TASK ITEM: Beginning with the line containing "A beautiful devotional" and ending with the line containing "Padangsidimpuan, 24 April", write out each line of the records below exactly; pictures and lines outside that range are left out.

RECORD SET:
##########
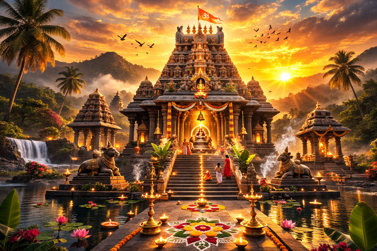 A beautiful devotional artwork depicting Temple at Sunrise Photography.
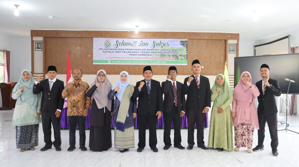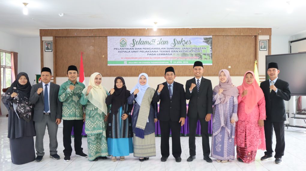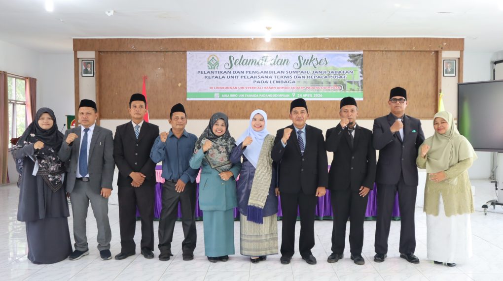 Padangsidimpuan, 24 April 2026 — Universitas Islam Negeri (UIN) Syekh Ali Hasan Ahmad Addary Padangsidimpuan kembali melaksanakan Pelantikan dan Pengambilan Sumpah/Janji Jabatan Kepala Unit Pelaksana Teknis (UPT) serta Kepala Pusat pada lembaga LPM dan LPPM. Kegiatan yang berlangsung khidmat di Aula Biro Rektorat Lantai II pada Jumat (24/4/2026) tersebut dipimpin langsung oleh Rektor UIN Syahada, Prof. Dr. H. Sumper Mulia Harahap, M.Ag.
##########
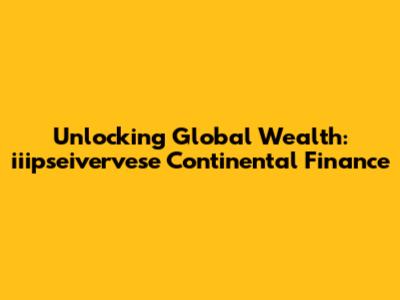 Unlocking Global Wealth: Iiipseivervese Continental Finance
##########
EXERCISE OUTPUT:
 A beautiful devotional artwork depicting Temple at Sunrise Photography.
 Padangsidimpuan, 24 April 2026 — Universitas Islam Negeri (UIN) Syekh Ali Hasan Ahmad Addary Padangsidimpuan kembali melaksanakan Pelantikan dan Pengambilan Sumpah/Janji Jabatan Kepala Unit Pelaksana Teknis (UPT) serta Kepala Pusat pada lembaga LPM dan LPPM. Kegiatan yang berlangsung khidmat di Aula Biro Rektorat Lantai II pada Jumat (24/4/2026) tersebut dipimpin langsung oleh Rektor UIN Syahada, Prof. Dr. H. Sumper Mulia Harahap, M.Ag.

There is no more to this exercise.